Rejuva is the Company’s adeno-associated virus (AAV)-based pancreatic gene therapy program (PGTx), designed to enable durable pancreatic production of therapeutic peptides. RJVA-001 is the Company’s gene therapy candidate encoding a Smart GLP-1TM for the treatment of T2D. The presentation at ObesityWeek includes new results from preclinical studies in the well-validated DIO mouse model, providing independent confirmation of the efficacy of the RJVA-001 candidate in the laboratory of Dr. Randy J. Seeley at the University of Michigan Medical School.
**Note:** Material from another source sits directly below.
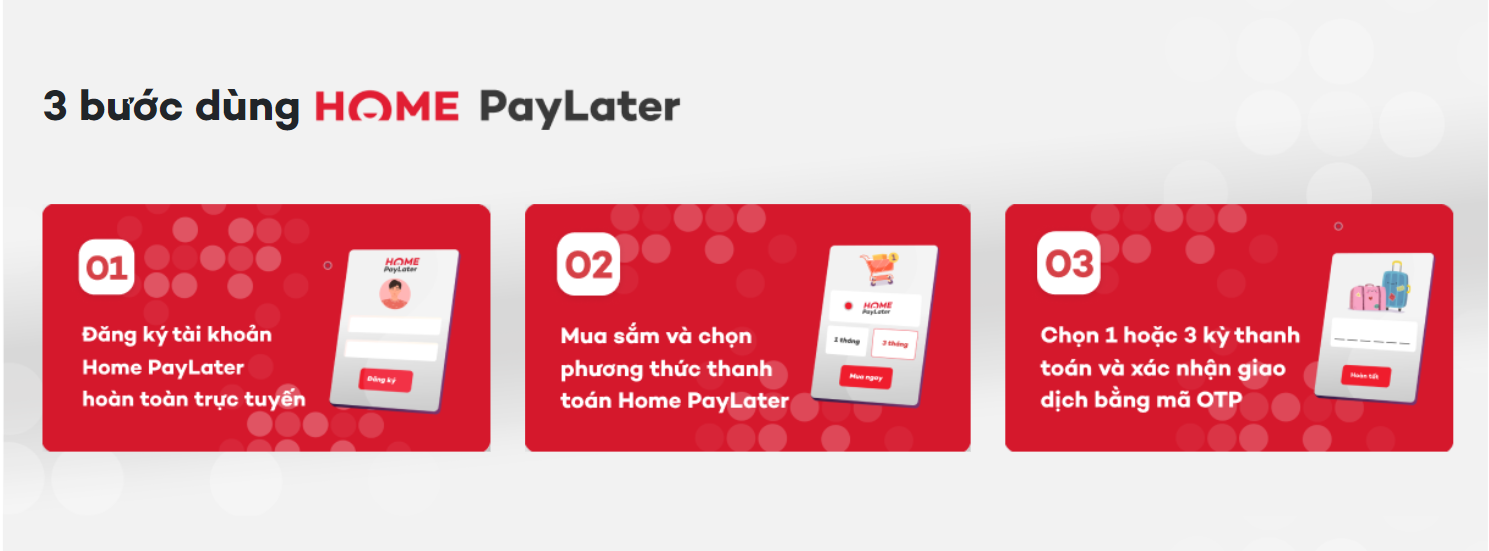 • Thanh toán định kỳ hàng tháng qua ứng dụng Home PayLater hoặc các kênh thanh toán được hỗ trợ như ví điện tử, chuyển khoản ngân hàng.

“The new results in this model demonstrate the durability of our human GLP-1 expressing RJVA-001 candidate 13 weeks after treatment, which is the longest follow-up for Rejuva so far, and a considerable portion of the mouse lifespan,” said Harith Rajagopalan, M.D., Ph.D., Co-Founder and Chief Executive Officer of Fractyl. “This latest independent evaluation by a top academic researcher in obesity, Dr. Randy J. Seeley, validates and builds on results we previously reported in the DIO model at 8 weeks. Rejuva has the potential to be a pattern-breaking therapy that can finally deliver on the promise of the GLP-1 mechanism in the treatment of obesity and T2D – as shown by these results.”
The ObesityWeek presentation will include new results demonstrating:
- Sustained maintenance of weight loss and blood sugar levels at week 13 in DIO mice receiving RJVA-001 and continuing a high fat diet.
- Over
10% of islet cells expressing immunoreactivity for GLP-1 protein following a single treatment of mice with PGTx. - No safety signals observed.
“GLP-1 drugs have proven efficacious in obesity, but their durability remains a significant challenge because patients typically regain weight upon discontinuing treatment,” said Dr. Randy J. Seeley, Professor of Surgery, Internal Medicine, and Nutritional Sciences at the University of Michigan Medical School, whose laboratory conducted the latest Rejuva study. “These efficacy data in obese mice suggest that RJVA-001, a human GLP-1 gene therapy targeting islets in the pancreas, has the potential to advance the treatment of obesity by offering a durable, single-dose off-ramp from GLP-1 receptor agonist drugs to help maintain weight loss.”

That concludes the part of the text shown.